Construction activity has grown for the last 15 months, recording figures above 50 (or no change) in the Markit/CIPS survey

The home building market grew at its steepest level since November 2003, driven by strong demand for new housing projects, according to July data from the Markit/CIPS UK Construction PMI report.

Overall, the index edged down to 62.4, down from 62.6 in June, but activity remained well above the 50 level that divides growth from contraction and was above City expectations of 62.

Tim Moore, senior economist at Markit, said: 'July's figures suggest the UK construction sector is enjoying its strongest cyclical upswing since the global financial crisis, while a new record rise in employment highlights that construction firms are increasingly confident about the sustainability of the upturn.'

The report showed that civil engineering activity lifted sharply in July, while commercial construction also rose but at a slower rate than in June.

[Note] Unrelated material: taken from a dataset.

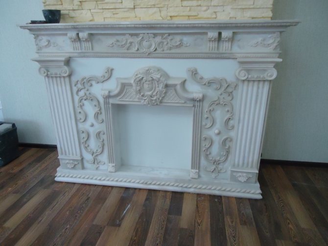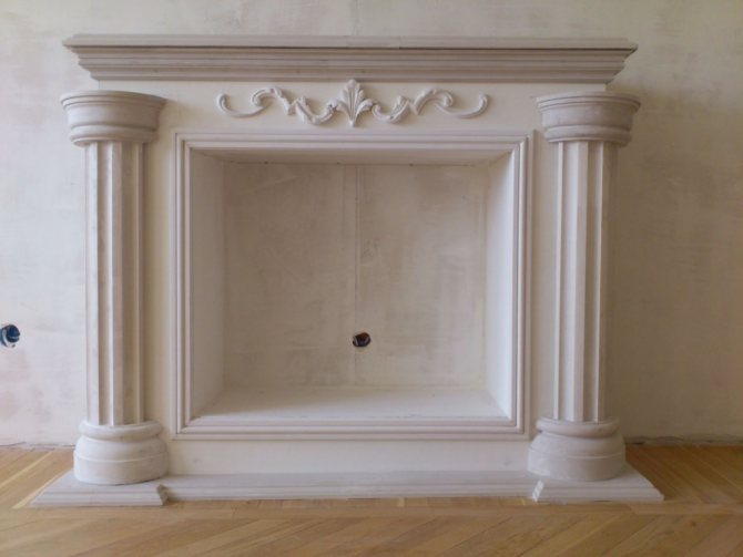 Moulure en plâtre pour la cheminée: encadrement classique, pour l'installation ultérieure d'un foyer électrique
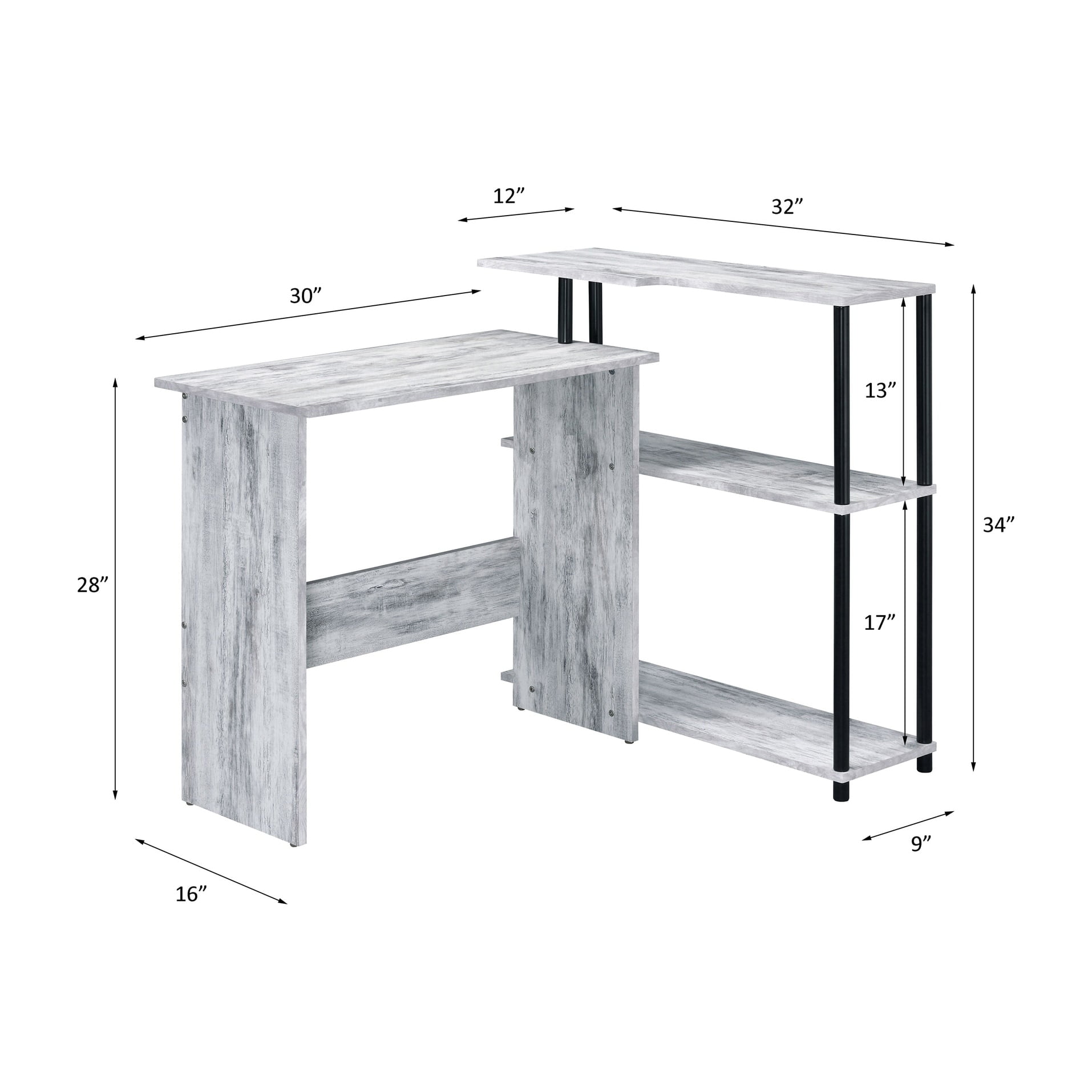 Warm, cozy while remaining functional, the Ievi Desk helps you find a good balance between work and life. It features a low bookshelf built into the right side, providing two open storage compartments for book or file organization. An elegant all wood design is used on desk and shelves, while metal frame secures the bookshelf to the desk. Complete your project or enjoy a leisure reading with the Ievi Desk. Features: L-shaped writing desk Desk with side shelf attached Number of shelf: 3 Leg space dimension: 28″W x 11″D x 28″H Weight capacity: 44 lbs Materials: Paper Veneer, Particle Board, Metal Specifications: Desk Dimensions: 39″W x 32″D x 34″H Product Weight: 40 lbs Color/Finish: Antique White and Black Shelf Weight Capacity: 11 lbs Weight Capacity: 44 lbs Assembly Required: Yes

David Noble, chief executive of the CIPS, said: 'The house building sector is racing ahead this quarter with the fastest growth in construction of homes for over a decade.

'The industry as a whole continued its impressive growth, dipping slightly from last month's high.'

But he added: 'One concern however, is the strain on supply chains that could become a roadblock to sustained growth in the future.

'Construction firms reported the sharpest deterioration in the quality of subcontracted work since 1999, which combined with lengthening supplier delivery times could conspire to put the brakes on the sector's growth.

'But there's evidence that firms are starting to look beyond in demand sub-contractors and instead further boost their own staffing levels, which goes some way to explaining the record rise in employment levels.'


Housing minister Brandon Lewis said the construction industry was 'bouncing back' and hiring at record levels

Housing minister Brandon Lewis said: 'The last administration's housing crash led to the loss of a quarter of a million construction jobs - so I'm pleased to see from these figures that the industry is bouncing back, with hiring at record levels.'

Mr Lewis added that, due to the government's Help to Buy scheme, almost 40,000 households have now become homeowners, which has helped building increase to its highest level since 2007.

He added that since Help to Buy was introduced last September, it has led to a 34 per cent increase in private housebuilding during the first year of the scheme.

goldfinger - 05 Aug 2014 21:36 - 276 of 1268

Well I personaly think the bubble is about to burst on housing.

Lloyds are just the big first pulling the plug on the market.